TASK TO COMPLETE - Return every line from the listing where the word "Country" occurs.

EXERCISE MATERIALS -
>>>>
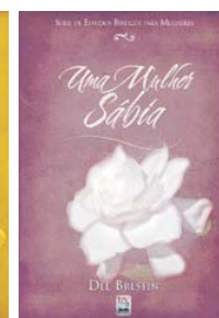
Uma Mulher Amorosa
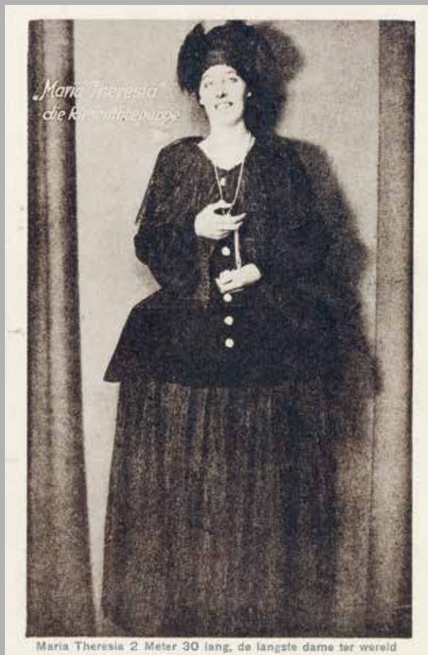
Maria Theresia 2 Meter 30 lang, de langste dame ter wereld

Robot Volta: machine-mens of pop, 1910. (Prentbriefkaart.)
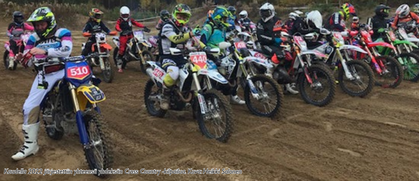
Kaudella 2022 järjestettiin yhteensä yhdeksän Cross Country -kilpailua.

Cross Country on maastossa ajettava pitkäkestoinen reittikestävyyskilpailu, joka on pääpiirteissään Motocrossin ja Enduron yhdistelmä.
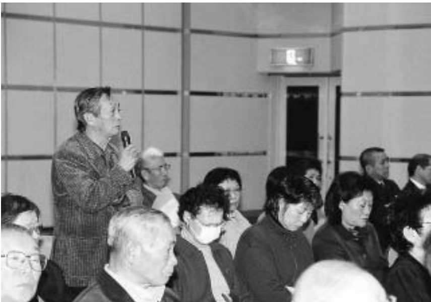
質問する市民（大内地域で）

市では今後も、市政懇談会などを通じて、市民の皆さんとの共通認識を持ちながら、よりよいまちづくりを推進していきます。
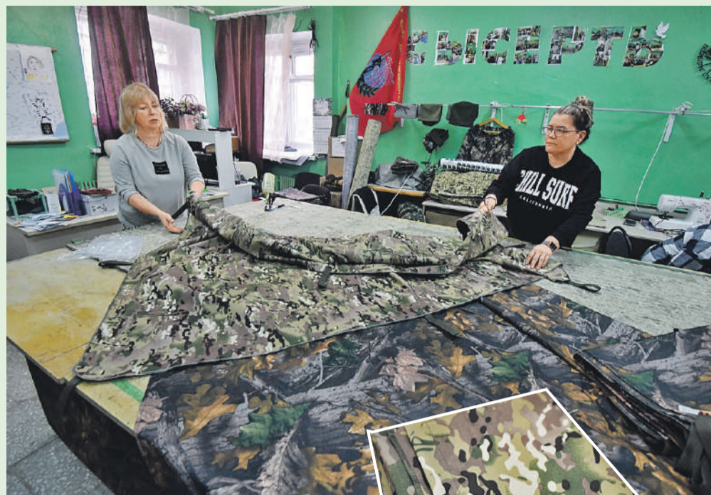
Алексей БУЛАТОВ/«КП» - Екатеринбург
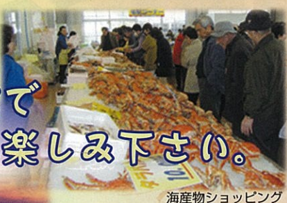
海産物ショッピング
<<<<
TASK RESPONSE -
Kaudella 2022 järjestettiin yhteensä yhdeksän Cross Country -kilpailua.
Cross Country on maastossa ajettava pitkäkestoinen reittikestävyyskilpailu, joka on pääpiirteissään Motocrossin ja Enduron yhdistelmä.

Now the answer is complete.